Guillermo Salvador Saldarriaga - Ascuas (Serie: Cuento)





 

Ningún testigo divisó ese momento o tal vez sí, pero nunca me dijeron y si lo hicieron no recuerdo porque a veces se me olvidan las cosas; sin embargo, esos días siguen presentes en mí como las cosas de hoy y también seguro las de mañana. Había entrado con rapidez el sol por una de las rendijas de mi casa hasta chocar con las paredes de la cocina cuando sentí quemante el cuerpo y lleno de aguijones la cabeza. En eso escuché pasos y una voz ronca que me decía: ya venimos, no faltes; y la puerta retumbó. Me recosté de nuevo en el lecho que esta vez parecía estar frío y lleno de aguaceros, cuando antes del ocaso ya estaba frente a mi cama con el torso desnudo, justo en ese instante Coqueta arremetió contra las paredes y las ventanas mal iluminadas próximas a mi habitación. Nunca había comprendido por qué Mariana había traído al animal. A mi padre no le gustaba, a ella creo que muy poco. 

 

No voy a negar que transcurrió media hora por lo menos hasta que la perra se calmara. Coqueta tenía dos años con nosotros. Era un conjunto de pelos castaños, lomo abultado, ojos muy vivos, orejas caídas y cola muy pequeña. Recuerdo que me quedó mirando. Luego se fue a su rincón y se puso a masticar algo duro, al menos eso creí.

 

Salí de casa. Cerré la puerta.

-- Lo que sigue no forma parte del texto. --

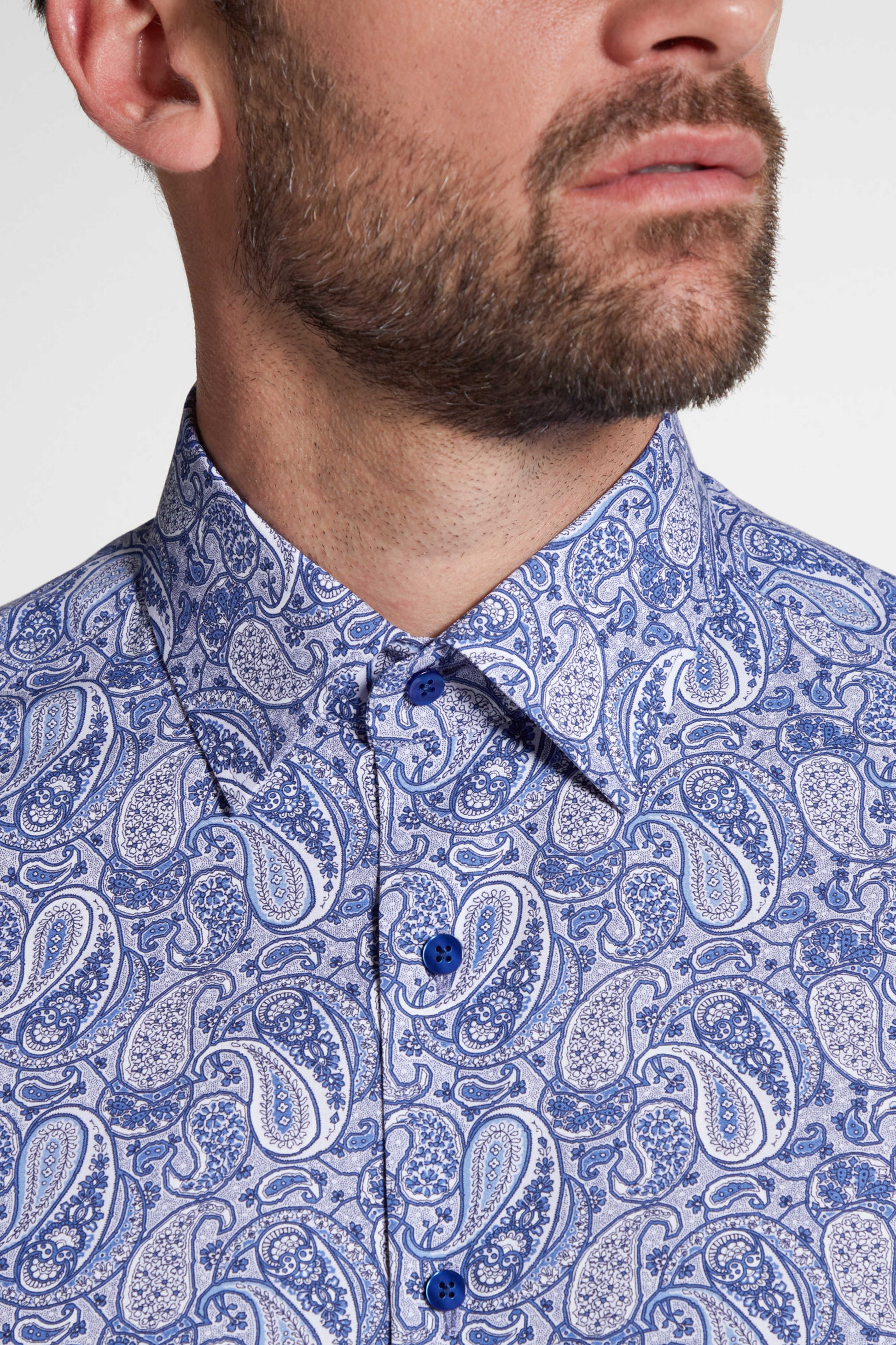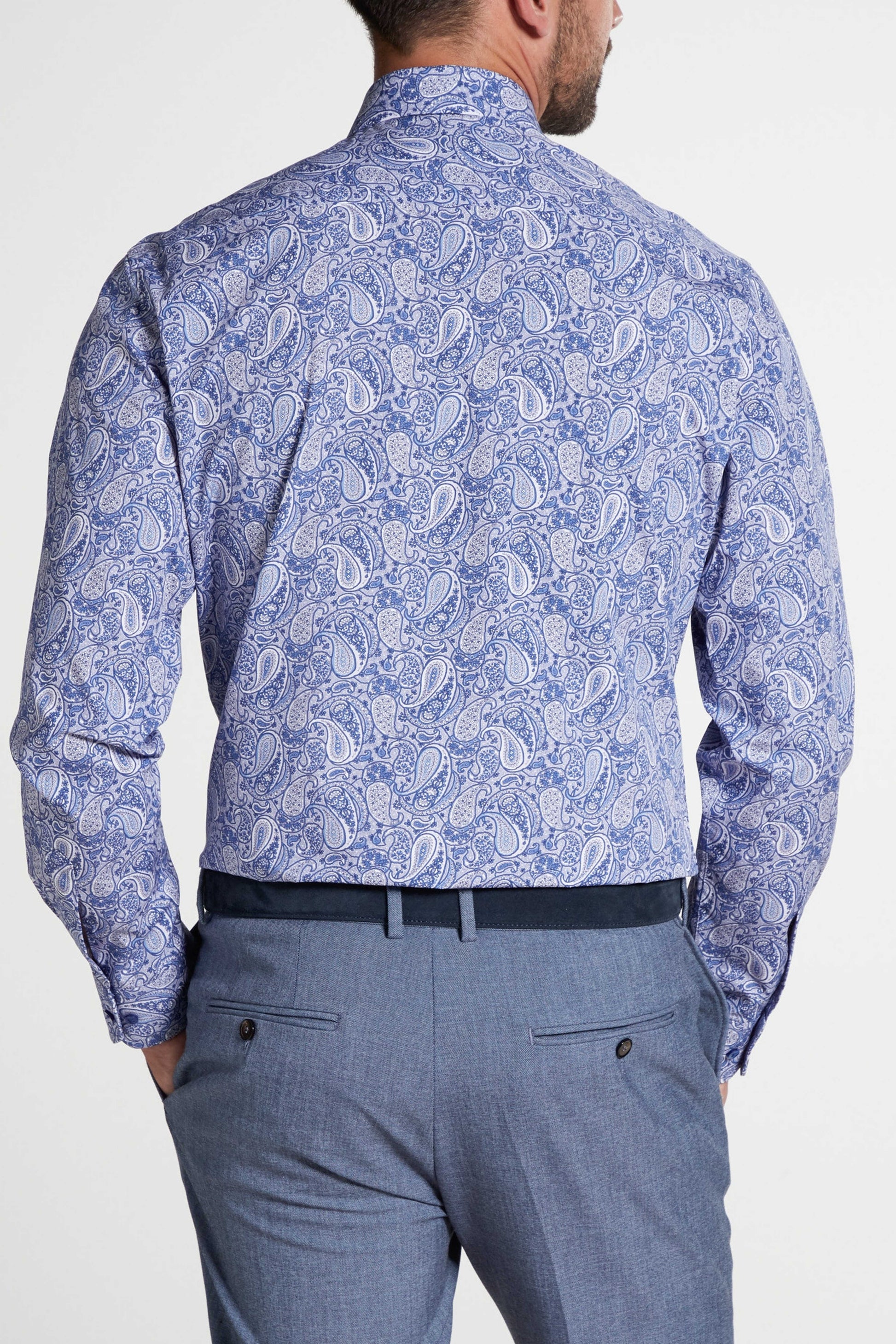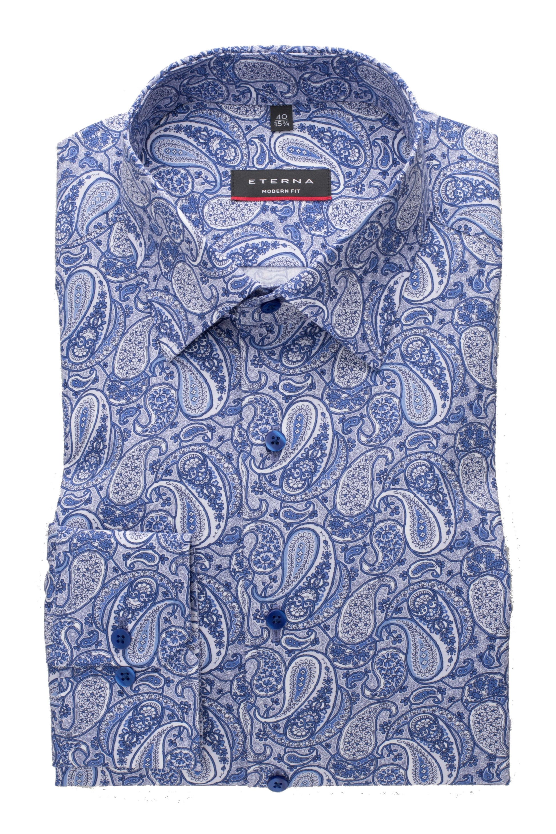 Eterna Modern Fit Poplin Paisley Skjorte – Lyseblå med Blå og Hvide Detaljer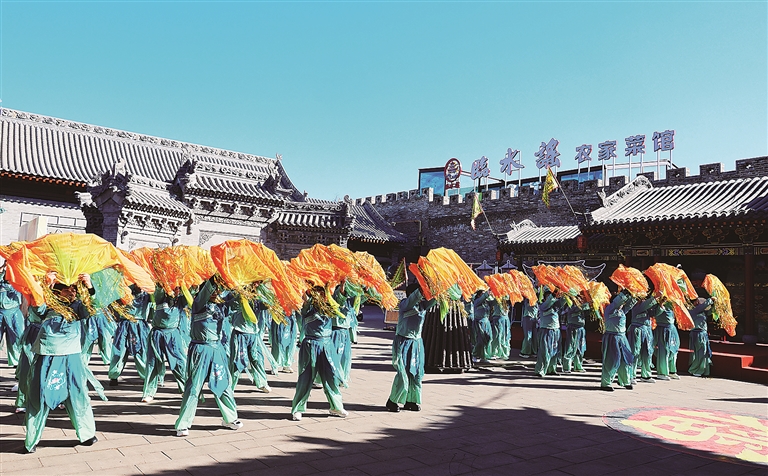 圖④: 三皇廟景區(qū)秧歌表演 王 偉 攝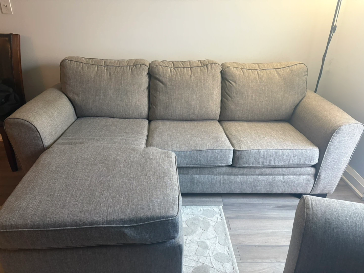 Comfortable three-seater sectional sofa with a chaise lounge in a neutral grey fabric. It's upholstered and has clean lines with piped edges. The chaise can be positioned on either side. This sofa would be great for a living room or family room!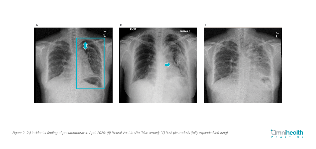 Dr. Lui shared a case to demonstrate the clinical effectiveness of ambulatory device in the management of selected patients with SP. A non-smoking female patient in her thirties had a past medical history of haematological malignancy and autologous stem cell transplant 10 years ago. She was diagnosed with pleuroparenchymal fibroelastosis 5 years after the transplant. In a follow-up visit, she was found to have a left sided apical pneumothorax (3cm from apex, figure 2A). Due to her underlying lung disease, a diagnosis of secondary SP was made. The patient did not experience any significant worsening in breathlessness and had a peripheral arterial oxygen saturation (SpO2) of 97% on room air. However, in view of her underlying chronic lung disease with fair lung function reserve, she was admitted to hospital for further monitoring.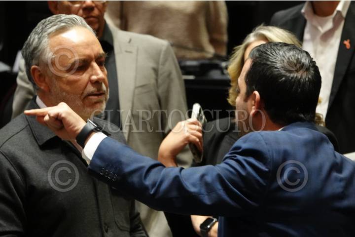 CIUDAD DE MÉXICO, 17SEPTIEMBRE2025.- Federico Döring, diputado del PAN, y Alfonso Ramírez Cuéllar, diputado de Morena, durante la sesión ordinaria semipresencial de la Cámara de Diputados en la que se analizó el Primer Informe de Gobierno Federal en materia política económica y social. FOTO: MARIO JASSO/CUARTOSCURO.COM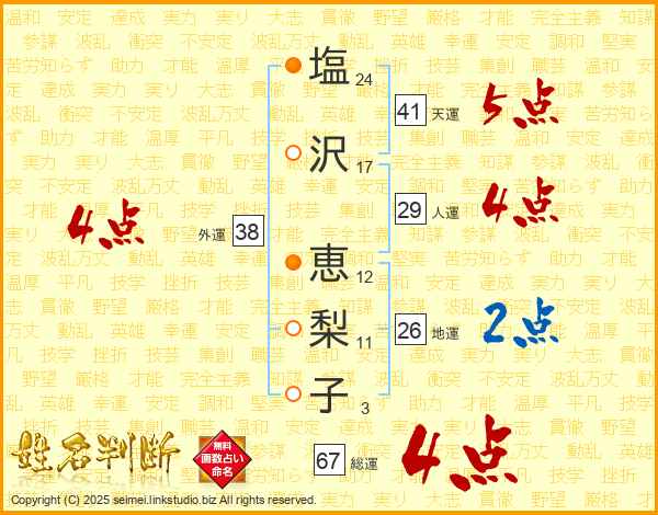 塩(24画)沢(17画) 恵(12画)梨(11画)子(3画)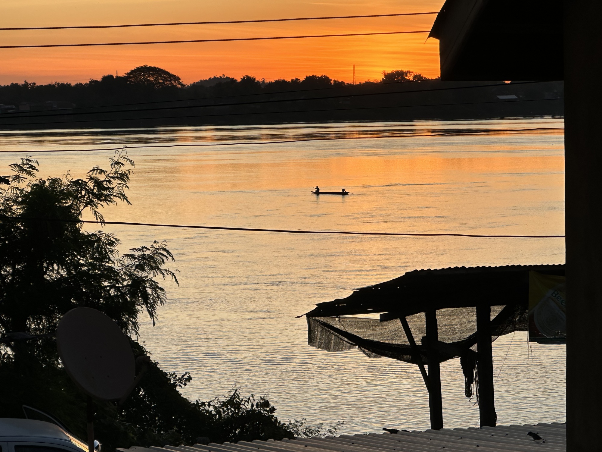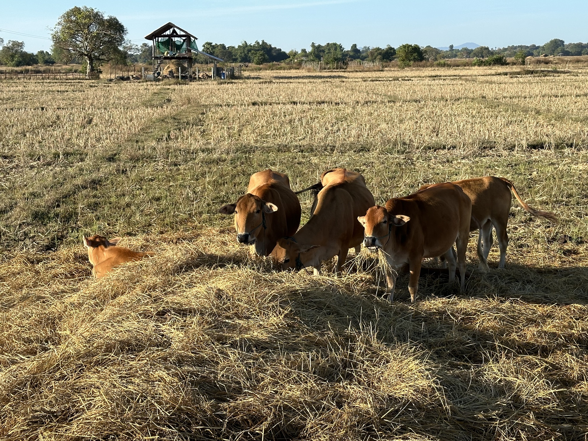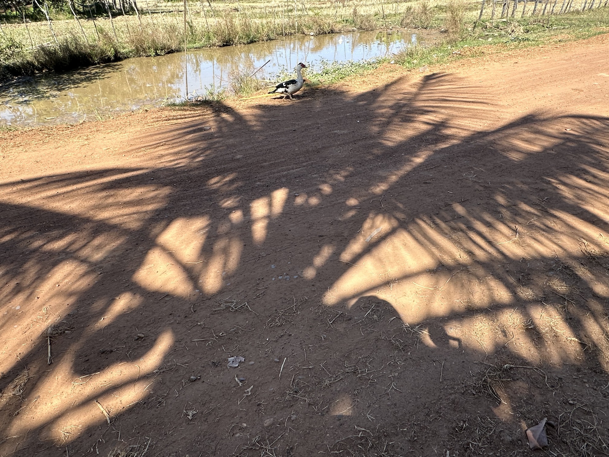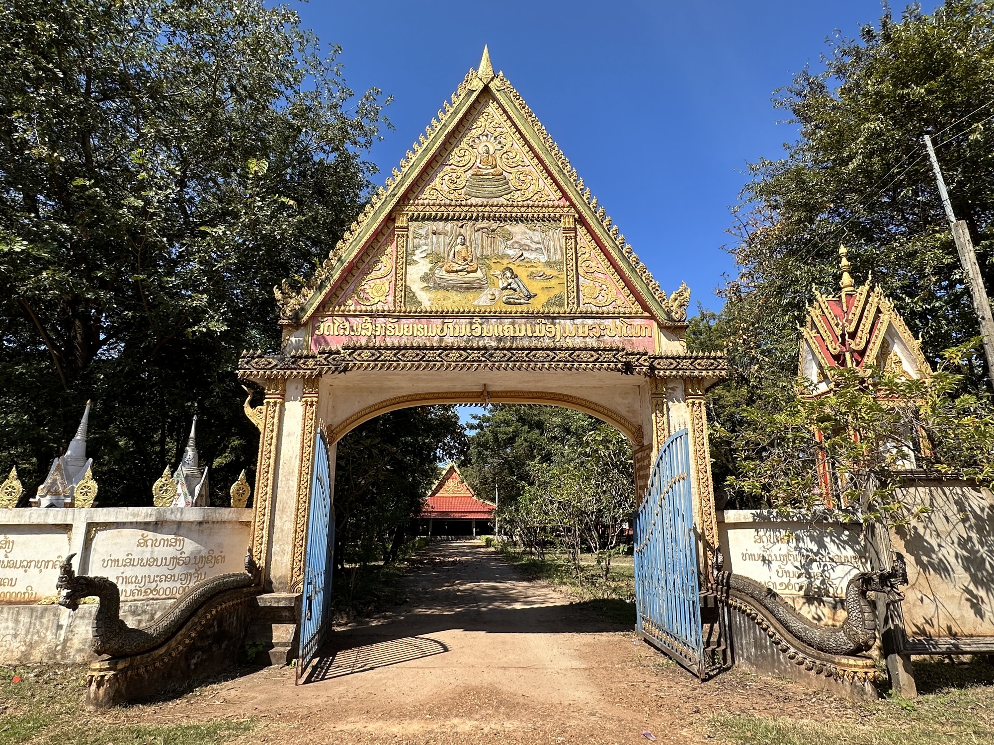 Loading up in the sunrise in front of our guesthouse, we looked across the street at the restaurant. Deadsville. We had eaten muesli sans papaya in our room so off we went. Oh man, that little road was rough, our heart sank. Oh, but wait! There was a new parallel road of nice concrete, whoop! Was this because of the new bridge across the Mekong to Don Khong? One can only speculate.

Guardé las llaves. Y asalté las calles cubiertas por faros de neón que parecían puntos de fuegos y el cielo azulado. No es necesario repetir las cosas que sucedieron luego: rostros fríos y desconocidos, avenidas con nombres de sacerdotes y beatos, autos que surgían y pronto desaparecían, hasta que finalmente me perdí en una calle de muros verdes, parques, panaderías y uno que otro colegio, aunque un colegio por esos lugares me pareció insolente, diríamos que estrambótico. 

 

En adelante no sentí la piel quemante ni los aguijones en la cabeza, si un frío cabal que me cubrió de pies a cabeza; sin embargo, aquello no se dejó atenuar cuando tras cláxones y el tumulto de mierda que debía sortear, una silueta se me plantó o mejor dicho yo me acerqué a esa figura, la cual nunca supe su nombre, o si lo supe no era su verdadero nombre. La abordé. No me miró de arriba abajo como lo hacían las mujeres en esos momentos, mostró los dientes perfectos y a escasos minutos ya estábamos sentados en un tico cuyo mando lo tenía un hombre canoso y bigotón quien nos miraba a intervalos a través del retrovisor.

Pronto nos hallamos en un edificio de cuatro o cinco pisos cuyos muros melón y la luz sombría de los pasadizos y la recepción me dejaron casi perplejo. Por un momento pensé que un sujeto se plantaría ante mí y me hundiría una navaja o cuchillo en el cuello mientras Mayra, así se llamaba ella, con sus labios rojizos, más rojizos como los tenía en ese rato, soltaba una risotada o lanzaba alguna lisura en mi contra sosteniendo otra navaja o quizá una daga.

Pero no hubo navaja, ni cuchillo ni menos daga en los senderos rodeados por muros melón y luz tenue. Lo que pasó luego no sé si merece recordarlo: tumbados sobre el lecho exploré su mapamundi inmortal, me hundí en su vientre quemante y logré que los estertores surgidos de sus labios se dilataran por los pasadizos del edificio hasta morir en las calles de la Madre Patria y Antonio Velasco.

 

El segundo encuentro la esperé en el tercer piso de los corredores sombríos. Durante casi media hora, tal vez fue más, quedé estupefacto porque un gordo de camiseta roja y cabello desordenado espiaba por una de las ventanas mientras una heladez de menta se deslizaba por mi garganta.

-         ¿Quién mierda eres? – le iba a decir cuando en eso Mayra llegó.

Lucía un chaleco negro y al interior una blusa turquesa ajustadísima. Me dio un beso de fuego y otra vez entré en su espalda clara y sus colinas tersas y duras. Esa misma noche bebiendo un té caliente confesó que no tenía hijos ni novio, sino que ahorraba para cancelar los estudios de su hermano menor y para algún día viajar al extranjero. La quedé mirando.  Después agarró un station wagon y se perdió hasta no sé dónde.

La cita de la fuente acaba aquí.